Bitte beachten Sie, dass die Meldung den Stand der Dinge zum Zeitpunkt ihrer Veröffentlichung am 21.02.2020 wiedergibt. Eventuelle in der Zwischenzeit veränderte Sachverhalte bleiben daher unberücksichtigt.

Freigeschaltet durch Thorsten Schmitt
Frankfurter Börse: Innenansicht mit Blick auf die DAX-Kurstafel
Frankfurter Börse: Innenansicht mit Blick auf die DAX-Kurstafel

Foto: Dontworry
Lizenz: CC-BY-SA-3.0
Die Originaldatei ist hier zu finden.

Zum Wochenausklang hat der DAX nachgelassen. Zum Xetra-Handelsschluss wurde der Index mit 13.579,33 Punkten berechnet, ein Minus in Höhe von 0,62 Prozent im Vergleich zum Vortagesschluss.

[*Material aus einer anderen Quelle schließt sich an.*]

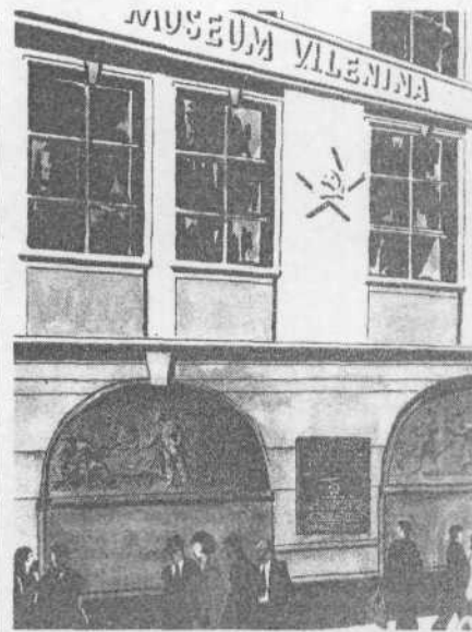
Прага. В этом доме в 1912 году проходила Пражская конференция. Рис. Н. Дюгуркува.

вет, не просили, а требовали: «Дай рекомендацию в комсомол». И давали, давали совершенно незнакомым людям, так как знали, что это все равно лишь формальность. Поэтому я считаю, что человек, давший рекомендацию, должен нести ответственность за того, за кого поручился. И награды, и взыскания полагают, причем со «старшего» спрашивать строже. Тогда не будут комсомольцы со стажем ставить свои подписи под первыми попавшимися заявлениями! И я предлагаю в Уставе ВЛКСМ четко определить обязанности рекомендуемого, обозначить его роль во время подготовки вступающего в комсомол и в последующей их совместной работе. Кстати, хорошо было бы оценивать и поощрять рекомендуемого за хорошую работу. Мне кажется, что это поможет комсомолу избавиться от случайных людей. Т. ВАСИЛЬЕВА.

Aktien der Deutschen Bank setzten sich am Freitagnachmittag kurz vor Handelsende mit einem Abschlag von über vier Prozent an das Ende der Kursliste. Auch Daimler und Infineon waren zu diesem Zeitpunkt über drei Prozent im Minus. Einerseits gab es am Freitag unerwartet positive europäische Konjunkturdaten: So legte das Barometer für die Stimmung der europäischen Einkaufsmanager überraschend zu. Auch der Index des verarbeitenden Gewerbes in Deutschland entwickelte sich besser als erwartet. Gleichzeitig machte aber die weitere Ausbreitung des Coronavirus in Asien vielen Anlegern Sorge. Gegen den Trend richtig gut lief es dagegen für die Energieversorger Eon und RWE, die kurz vor Handelsende rund 0,8 Prozent im Plus waren, direkt hinter Allianz-Aktien, die zu diesem Zeitpunkt mit einem Plus von rund einem Prozent am besten liefen.

Die europäische Gemeinschaftswährung tendierte am Freitagnachmittag stärker. Ein Euro kostete 1,0861 US-Dollar (+0,68 Prozent).